* What the task requires
Which lines run from the one with "Hex #d9e379 Color" through the end of the data? Retype them exactly, without pictures.

* Data shown
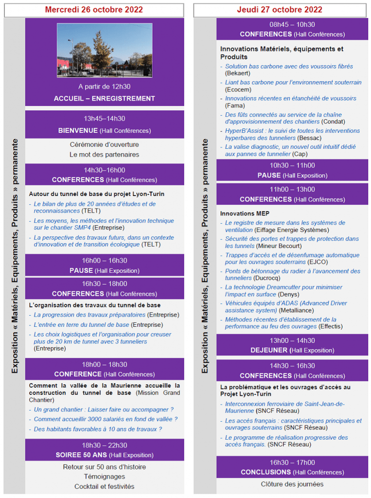 Ces journées se déclineront sous la forme de conférences (grands projets souterrains et innovations) et d’une exposition focalisée sur les matériels, équipements et produits.
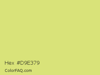 Hex #d9e379 Color is a light yellow color and the nearest color is Booger Buster #dde26a. Hex code #d9e379 and RGB value is rgb(217,227,121). In RGB color space, this color is composed of 85% red, 89% green, 47% blue, In CMYK color space, this color is composed of 4% cyan, 0% magenta, 47% yellow , 11% black , In HSL color space, this color has a hue angle of 66° , 65% saturation and 68% lightness.
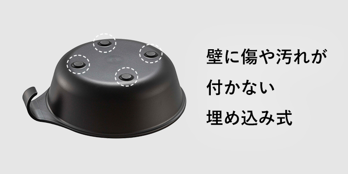 マグネットは底面に埋め込まれているので壁に貼り付けても傷や汚れの心配がありません。
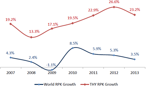 Turkish Airlines and world airlines RPK growth: 2007 to 2013

* Output for this exercise
 Hex #d9e379 Color is a light yellow color and the nearest color is Booger Buster #dde26a. Hex code #d9e379 and RGB value is rgb(217,227,121). In RGB color space, this color is composed of 85% red, 89% green, 47% blue, In CMYK color space, this color is composed of 4% cyan, 0% magenta, 47% yellow , 11% black , In HSL color space, this color has a hue angle of 66° , 65% saturation and 68% lightness.
 マグネットは底面に埋め込まれているので壁に貼り付けても傷や汚れの心配がありません。
 Turkish Airlines and world airlines RPK growth: 2007 to 2013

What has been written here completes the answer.